Al Pacino | From 1 To 76 Years Old

Al Pacino – Then and Now Tribute to “The Greatest Actor Of All Time” with roles in movies like Scarface, The Godfather, Dog Day Afternoon, Serpico, Devil’s Advocate, Heat, Dick Tracy and Scent of a Woman, with successful TV and theatre career and inspirational speeches.

Alfredo James “Al” Pacino is an American actor of stage and screen, filmmaker, and screenwriter. Pacino has had a career spanning more than fifty years, during which time he has received numerous accolades and honors both competitive and honorary, among them an Academy Award, two Tony Awards, two Primetime Emmy Awards, a British Academy Film Award, four Golden Globe Awards, the Lifetime Achievement Award from the American Film Institute, the Golden Globe Cecil B. DeMille Award, and the National Medal of Arts.

He achieved international acclaim and recognition for his breakthrough role as Michael Corleone in Francis Ford Coppola’s The Godfather (1972). He received his first Oscar nomination and would reprise the role in the equally successful sequels The Godfather Part II (1974) and The Godfather Part III (1990). Pacino’s performance as Corleone is now regarded as one of the greatest screen performances in film history.
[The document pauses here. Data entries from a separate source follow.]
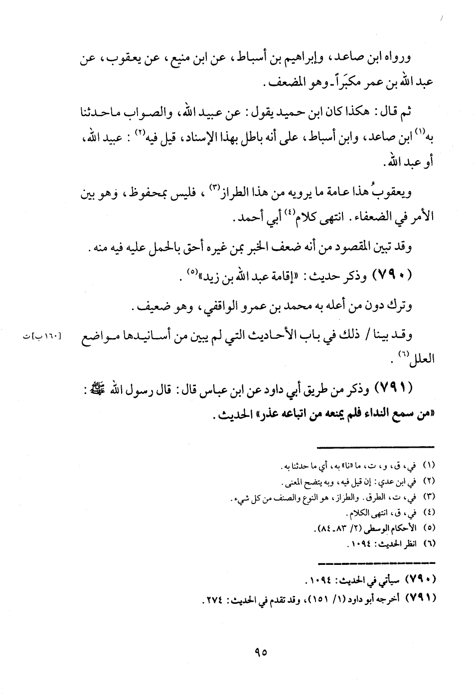 (791) وَذكر من طَرِيق أبي دَاوُد عَن ابْن عَبَّاس قَالَ: قَالَ رَسُول الله - صَلَّى اللَّهُ عَلَيْهِ وَسَلَّم َ -: " من سمع النداء فَلم يمنعهُ من اتِّبَاعه عذر " الحَدِيث.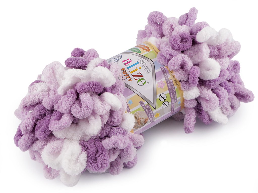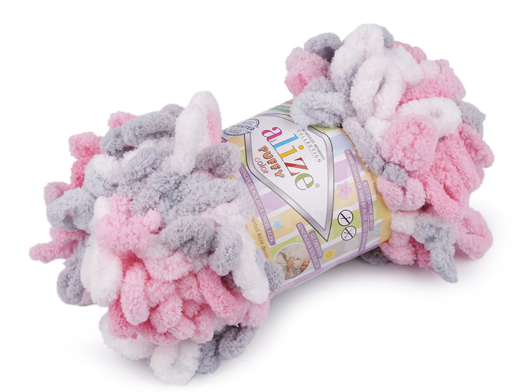 Příze Alize Puffy color je měkká, chlupatá žinylková příze s velkými očky. Tvoří nádherné barevné přechody. Na pletení nepotřebujete jehlice ani háček - proplétají se jednotlivá očka. Je vhodná na pletení dek, šálů apod. Přibližná spotřeba na deku o rozměrech 100 x 100 cm je cca 5 klubíček.- Hmotnost: 100 g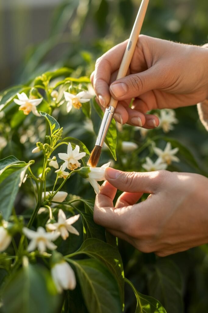 - Use a small paintbrush to move pollen between flowers

Pacino received his first Best Actor Oscar nomination for Serpico (1973); he was also nominated for The Godfather Part II, Dog Day Afternoon (1975) and …And Justice for All (1979) and won the award in 1993 for his performance as a blind Lieutenant Colonel in Scent of a Woman (1992). For his performances in The Godfather, Dick Tracy (1990) and Glengarry Glen Ross (1992), Pacino was nominated for the Academy Award for Best Supporting Actor. Other notable roles include Tony Montana in Scarface (1983), Carlito Brigante in Carlito’s Way (1993), Lieutenant Vincent Hanna in Heat (1995), Benjamin Ruggiero in Donnie Brasco (1997), Lowell Bergman in The Insider (1999) and Detective Will Dormer in Insomnia (2002). In television, Pacino has acted in several productions for HBO including the miniseries Angels in America (2003) and the Jack Kevorkian biopic You Don’t Know Jack (2010)

Al Pacino’s acting demands an artistic reverence. Unlike any other actor his body language speaks more dialogues than his speech. Harrison Ford, Stallone, Arnold played the good-guy stars but Al Pacino can make the bad guy look outrageously charming. And that is what great about him.